O Eco, doce ninfa que, invisível,
Vives nas verdes margens do Meandro
E no vale coberto de violetas,
Onde ao luar o rouxinol te embala,
Com seu canto nostálgico e suave,
Dois jovens tu não viste, por acaso,
Bem semelhantes, Eco, ao teu Narciso?
Se, em alguma gruta os escondeste,
Dize-me, ó ninfa, onde essa gruta está
E, em recompensa, subirás ao céu.
E mais graça darás, ó bela ninfa,
A Celeste harmonia em seu conjunto!


Além disso, Milton imitou a história de Narciso na descrição, que põe na boca de Eva, acerca de sua impressão, ao ver-se, pela primeira vez, refletida na fonte:

Muitas vezes relembro aquele dia
Em que fui despertada a vez primeira
Do meu sono profundo. Sob as folhas
E as flores, muitas vezes meditei:
Quem eu era? Aonde ia? De onde vinha?
Não distante de mim, doce ruído
De água corrente vinha. De uma gruta
Saía a linfa e logo se espalhava
Em líquida planície, tão tranqüila
Que outro céu tranqüilo parecia.
Com o espírito incerto caminhei e fui
Na verde margem repousar do lago
E contemplar de perto as claras águas
Que eram, aos meus olhos, novo firmamento.
Ao debruçar-me sobre o lago, um vulto
Bem em frente de mim apareceu
Curvado para olhar-me. Recuei
E a imagem recuou, por sua vez.
Deleitada, porém, com o que avistara,
Novamente eu olhei.
Também a imagem
Dentro das águas para mim olhou,
Tão deleitada quanto eu, ao ver-me.
Fascinada, prendi na imagem os olhos
E, dominada por um vão desejo,
Mais tempo ficaria, se uma voz
Não se fizesse ouvir, advertindo-me:
"Es tu mesma que vês, linda criatur
a.

Nenhuma das lendas da antigüidade tem sido mais comentada que a de Narciso. Eis dois epigramas que a encaram sob dois aspectos diferentes.
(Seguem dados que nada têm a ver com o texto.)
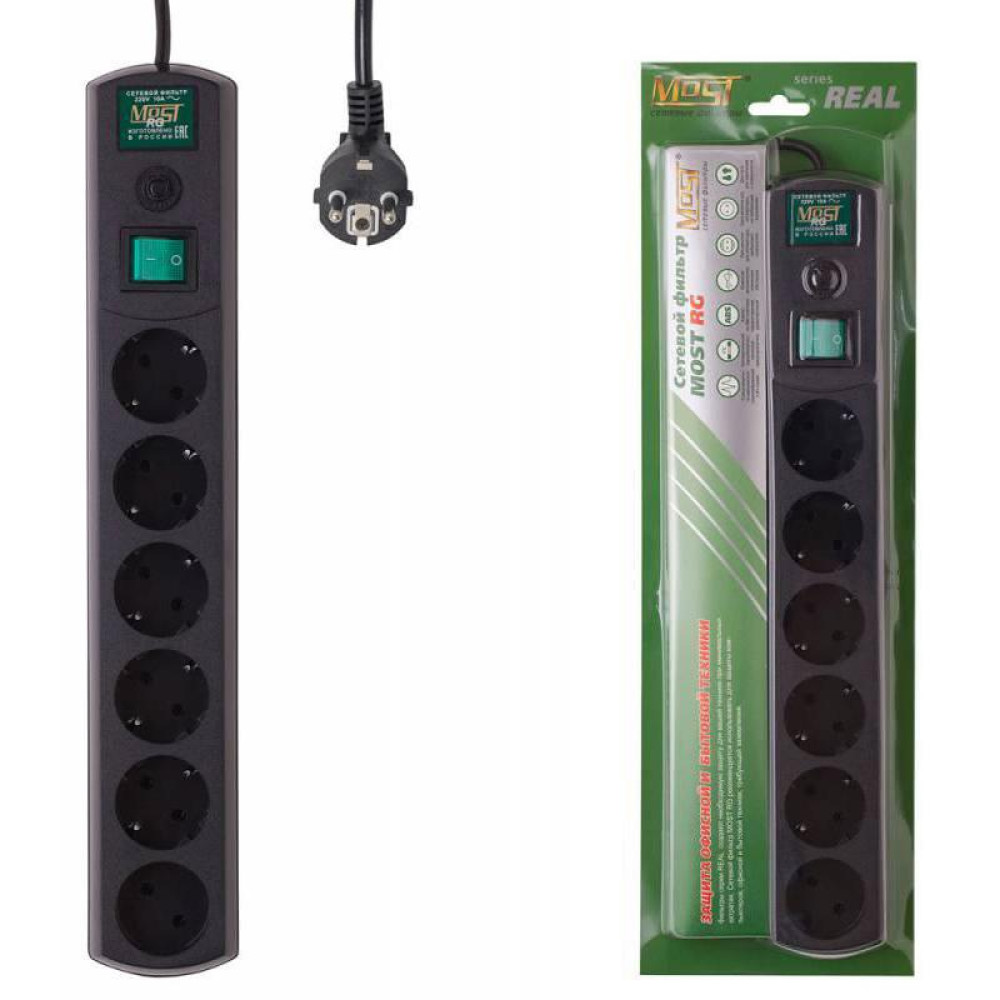 Сетевой фильтр Most RG 5м (6 розеток) черный (коробка)

O primeiro é de Goldsmith:

A PROPÓSITO DE UM JOVEM QUE FICOU CEGO EM CONSEQÜÊNCIA DE UM RAIO

Não por ódio ou descuido a Providência
Isto te fez, mas por piedade e arte:
Se cego te tornou, como Cupido,
Da sorte de Narciso quis livrar-te.


O outro é de Cooper:

SOBRE UM MOÇO FEIO

Evita, amigo, evita debruçar-te
Sobre o cristal de um cristalino veio,
Senão, como Narciso, irás matar-te,
Não por te veres belo, mas tão feio.